850ms: Finally the in_6_1012 packet everybody has been waiting for gets generated, the delay spreads to all other clients (wait times of 100-130ms).

900ms: Even after getting to tick 1012, jok is still waiting, because the last packet he got from Sven was at about 610ms. The missing packet is in_0_1012, which all other clients received at around 690ms. It arrives at 890ms, probably traveling for 200ms+.

Back to 880ms: Now comes the big one. Note the almost vertical arrow coming from Mave's in_8_1013 packet? It is going to arrive for jok at 2550ms, which is about 1800ms later. Now note that in the meantime, other clients are much more successful at sending packets to jok: at about 980ms, the situation looks almost normal, apart from the missing packet by Mave. Note that some additional packets by Sven2 come in, which might be because the lag just increased his PreSend faster than for the other clients.

2550ms: Packets arrive, and all of sudden everything's back to normal. Packets arrive, the engine starts asking itself why it set the PreSends so high, until...

3700ms: Yeah, long arrows again. It's ala and - again - Mave. Out of nowhere, and we get a good nice 1800ms lag out of it. Note again the pattern: All outgoing as well as incoming packets for jok are delayed, but some extremly so (probably packet losses). This time the game takes some time before it grinds to a halt due to higher PreSends.

13230ms: If you're looking for spectacle: The message sent by ala is the longest delay we have in the whole log. 3000ms. Note that due to the extremely high PreSends, we actually manage to squeeze in two ticks in the time the packets needs to reach its destination.

So what do we learn from this? :)

By Sven2

Date 2013-10-24 09:38

> Not shown: Sven2 (id 0) who either used the wrong engine or sent in the wrong log

Are you sure it's not a later game in the log? Also, isn't there a copy of the log in the replay?

By PeterW

Date 2013-10-24 11:06

Well, the engine can't well change in the middle of a log, can it? It very much looks like the log is from different rounds, btw.
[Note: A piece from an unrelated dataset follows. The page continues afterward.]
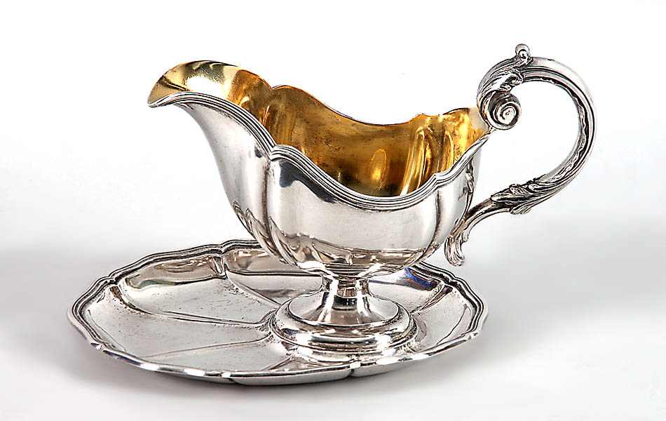 800er Silber, Herstellermarke: Wilkens & Söhne, Hemerlingen bei Bremen. Bauchiger Gefäßkörper mit geschwungener, profilierter Lippe, eingezogener, runder Profilfuß auf tablettartigem Untersatz, geschwungener Henkel mit Reliefs aus Akanthusblättern. H 14,5 cm. 522 g.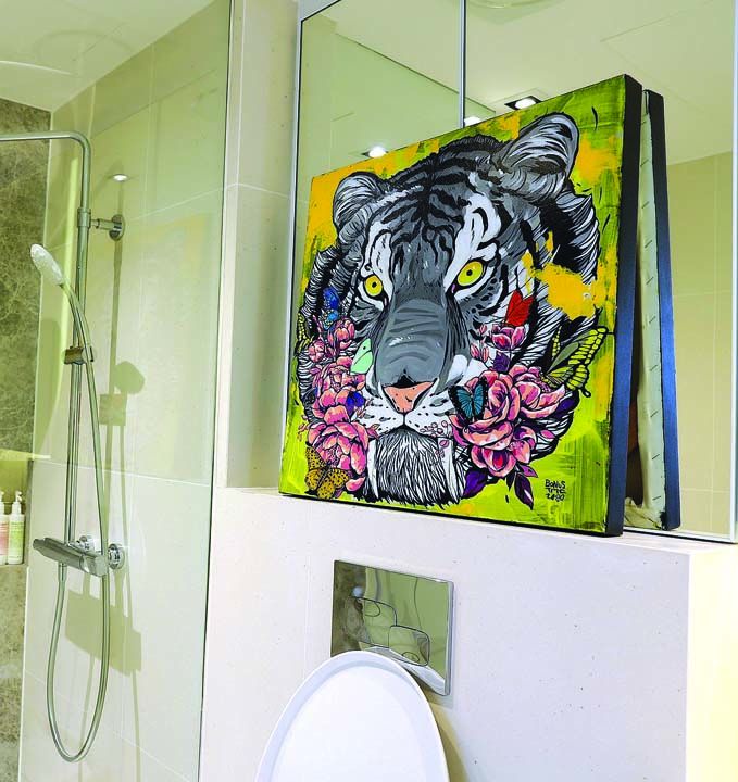 สร้างสรรค์งานศิลป์บน Canvas ขนาดใหญ่กับภาพพญาสิงโตเผือก ในโทนสีขาวดำ ตัดกับพื้นหลังสีสันสดใส เปรียบเสมือนเมืองที่เต็มไปด้วยแสงสีและความมีชีวิตชีวา โดยใช้เทคนิคการพ่นสเปรย์เป็นลวดลายต่างๆ และสีอะคริลิกให้ลูกบ้านและผู้ร่วมงานได้รับชมกันแบบเอ็กซ์คลูซีฟนอกจากนี้ยังได้จับมือกับ Teens of Thailand มารังสรรค์เครื่องดื่มพิเศษให้กับโครงการ ตอกย้ำไลฟ์สไตล์ชีวิตในเมืองของคนรุ่นใหม่

And no, I can't see anything usable in a recdump. Was that an OC change?

By Sven2

Date 2013-10-24 13:14

Hm, pretty sure we added in CR that the Clonk.log is copied into the record group. Maybe only for debugrecs then.

Well, maybe I had another engine running so it was stored as Clonk2.log.

By Zapper

Date 2013-10-24 17:38

>So what do we learn from this? :)

WLAN sucks?

By PeterW

Date 2013-10-24 17:41

Correct! Zapper wins a hundred Internet brownie points for citing my favourite cop-out :)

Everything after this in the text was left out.